4/25/2025 at 2:04:42 PM
The Open Source AI Definition (OSAID) is a slap in the face to anyone who has been part of the open source community. Allowing companies to redefine "Open" to allow closed components is a complete betrayal of everything the OSI should stand for, and it was done purely so large companies can pretend their closed models are open.by tedivm
4/25/2025 at 2:55:41 PM
To be explicit I believe your concern is the fact that they are not requiring that the training data and training methodology they used to generate the open source model be made accessible so that anyone can essentially build the model themselves from raw ingredients right? In other words imagining for a moment that folks have access to the kind of compute necessary to do that. Right?Nevertheless giving people a building block that they can do what they want with certainly seems like free as in freedom to me. So I personally sympathize with the OSI approach but in general I'm not a big on the zealotry around the open source community.
It's almost like we have a third category here: free as in freedom but you can't necessarily rebuild it yourself.
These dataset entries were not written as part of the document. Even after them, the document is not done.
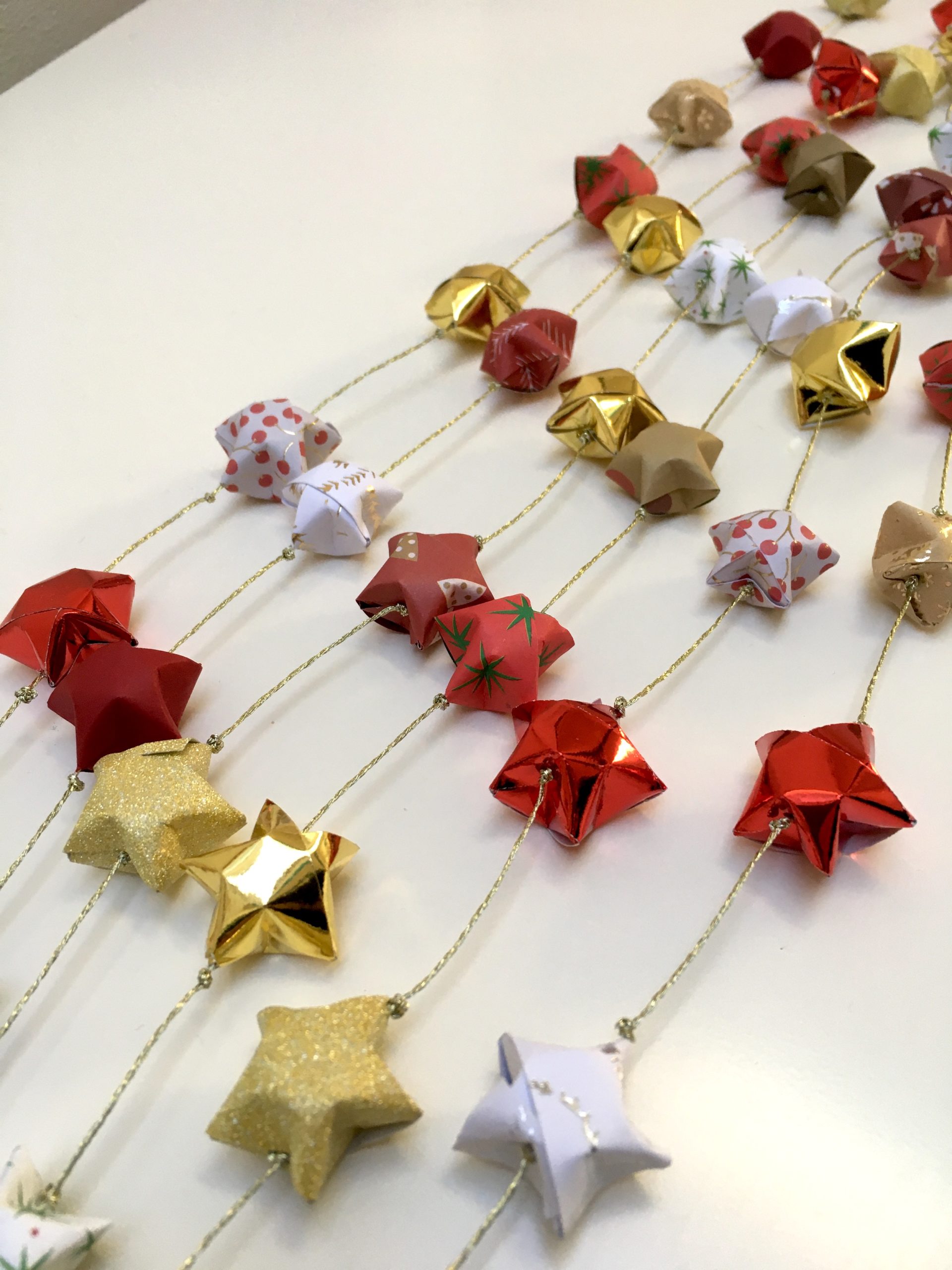 La Triplette de « gœurlandes » de noël en étoiles origami = Une guirlande, 3 brins d’étoiles!
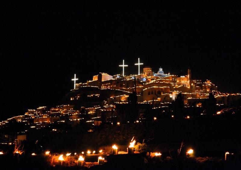 Στη Σαντορίνη, η περιφορά του Επιταφίου στον Πύργο θα γίνει ανάμεσα σε 7.000 μικρές φωτιές σε λυχναράκια, συνθέτοντας ένα φαντασμαγορικό σκηνικό, που θα ενέπνεε και τον πιο ευφάνταστο σκηνοθέτη. Την Κυριακή του Πάσχα θα γίνει το λαϊκό δικαστήριο του “Οβραίου”, ο οποίος καταδικάζεται σε θάνατο, κρεμιέται και καίγεται από τους κατοίκους με αυτοσχέδια δυναμιτάκια και βαρελότα.
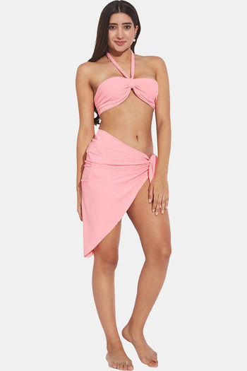 Secrets By ZeroKaata Stretchable Ribbed Bikini Set With Sarong - Pink
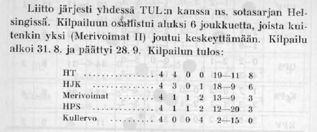 SPL:n Jalkapallokirja 1950 esitteli helsinkiläisjoukkueet Suomensarjassa seuraavasti:
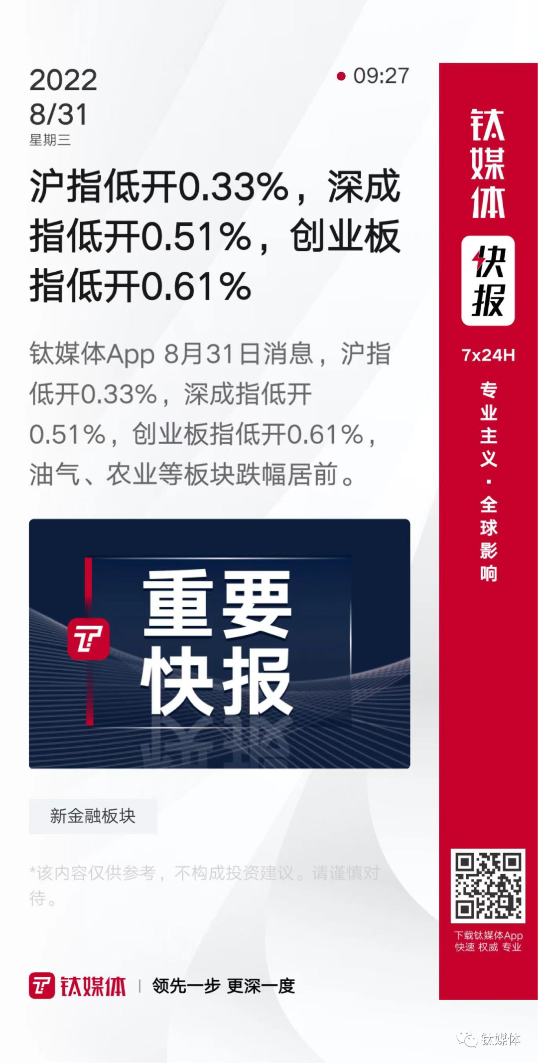 【沪指低开0.33%,深成指低开0.51%,创业板指低开0.61%】

In practice I would argue that intellectual talent has always been a hidden part of this anyway and therefore we're being intellectually dishonest to imply that this hasn't always been a de facto reality even for traditional software.
by redwood
4/25/2025 at 8:00:50 PM
It's not just about reproducibility (although I do think that's important), it's about analysis of the model. With traditional software you have a pretty well defined "this code does this", but with machine learning models one of the only ways to validate that bias or propaganda hasn't been inserted during training.by tedivm
4/26/2025 at 1:08:50 AM
Code being well defined is a subjective quality and to my awareness not subject to the open source definition per seby redwood
4/25/2025 at 2:51:11 PM
Where are you seeing that? I just read the definition and it doesn't seem to a allow closed components:> An Open Source AI is an AI system made available under terms and in a way that grant the freedoms to:
> Use the system for any purpose and without having to ask for permission.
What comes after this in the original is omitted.